** Opening Given data block **

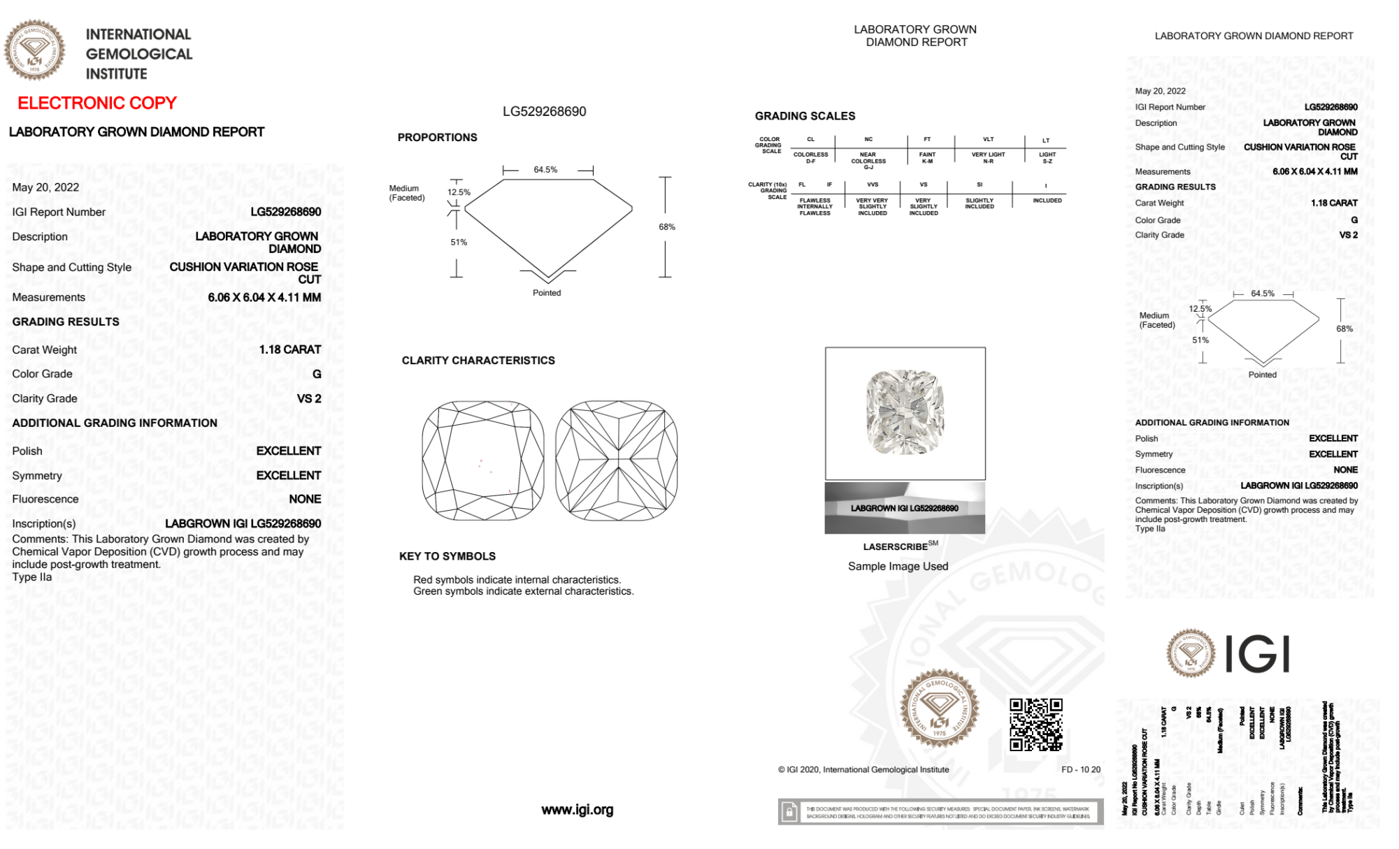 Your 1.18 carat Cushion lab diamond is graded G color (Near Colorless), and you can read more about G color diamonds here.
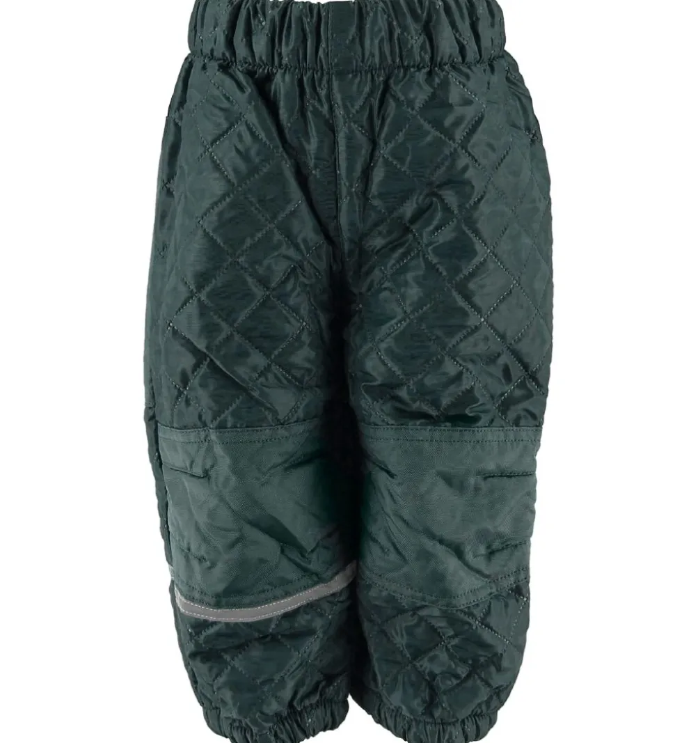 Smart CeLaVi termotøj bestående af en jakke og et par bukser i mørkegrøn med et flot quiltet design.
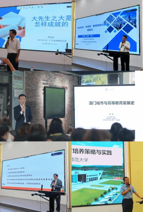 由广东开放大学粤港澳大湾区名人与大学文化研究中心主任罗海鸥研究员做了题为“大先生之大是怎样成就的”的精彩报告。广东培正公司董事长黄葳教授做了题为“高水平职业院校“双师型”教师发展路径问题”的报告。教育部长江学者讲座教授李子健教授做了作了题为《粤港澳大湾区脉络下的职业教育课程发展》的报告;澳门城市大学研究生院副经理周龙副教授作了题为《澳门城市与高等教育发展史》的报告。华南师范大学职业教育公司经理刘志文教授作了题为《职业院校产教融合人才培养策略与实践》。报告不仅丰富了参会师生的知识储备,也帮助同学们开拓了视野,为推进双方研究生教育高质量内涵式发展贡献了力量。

** Closing Given data block **

All of the data should come back exactly as written, but without pictures.

 Your 1.18 carat Cushion lab diamond is graded G color (Near Colorless), and you can read more about G color diamonds here.
 Smart CeLaVi termotøj bestående af en jakke og et par bukser i mørkegrøn med et flot quiltet design.
 由广东开放大学粤港澳大湾区名人与大学文化研究中心主任罗海鸥研究员做了题为“大先生之大是怎样成就的”的精彩报告。广东培正公司董事长黄葳教授做了题为“高水平职业院校“双师型”教师发展路径问题”的报告。教育部长江学者讲座教授李子健教授做了作了题为《粤港澳大湾区脉络下的职业教育课程发展》的报告;澳门城市大学研究生院副经理周龙副教授作了题为《澳门城市与高等教育发展史》的报告。华南师范大学职业教育公司经理刘志文教授作了题为《职业院校产教融合人才培养策略与实践》。报告不仅丰富了参会师生的知识储备,也帮助同学们开拓了视野,为推进双方研究生教育高质量内涵式发展贡献了力量。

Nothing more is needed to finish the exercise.